Eito Miyamura: Man, you've done your research. Yeah, you pretty much did all the explaining that I was going to do.

Nicholas: Well, it was a good show.

Eito Miyamura: Yeah, definitely. Well, we're definitely missing the zero-knowledge part. So we'll get to that in a second. And sort of the criticism of the existence, whether it be the Kodak cameras or the Canon cameras like Secure Enclave hardware signatures.

Nicholas: Yeah, I think there's a lot to understand in just the basic premise before we even get to the ZK stuff. I mean, the first question that comes to my mind when I hear about that is, can we really trust, I don't know, does the factory not have a list of all the ID numbers of the HSMs and their corresponding private keys and that could leak? Or is the private key generated in the device such that even the manufacturer doesn't know about it until it's booted up?
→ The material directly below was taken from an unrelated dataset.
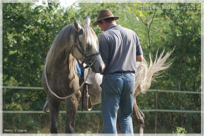 | Dire merci | Coucou, Mon T est un ange, Thalès Eole, OC arabe quelque chose..... palomino chocolat ! Il est monté.... mais je ne travaille pas le dressage, juste de la ballade et randonnée, il est très sympa, travaille reines longues, n'embarque pas et est très respectueux des actions aux jambes Au débourrage ![]() 4 séances seulement, il est vrai que je l'ai eu à 16 mois et a été beaucoup manipulé et stimulé ! Monté ![]() Au pré en plein câlins.... avec pôpa ! ![]() |

Eito Miyamura: Yeah, I don't know about the specific instances or implementation details of how those are done. I believe that most of the time it is just generated internally. But at times it's also, whenever it's paired with a software that allows you to actually view and attest the signature, then it may be logged in some central logo. So in some ways, the private key is untampered on a hardware level, but there is a chance that the key is known to the actual creators of the hardware. But again, these are like sort of implementation detail specific and there are definitely ways in which you can do it so that, for example, you have pseudo-randomly generated secret keys within the secure enclave. It's all a matter of the hardware manufacturer and their integrity as well as like that particular processes.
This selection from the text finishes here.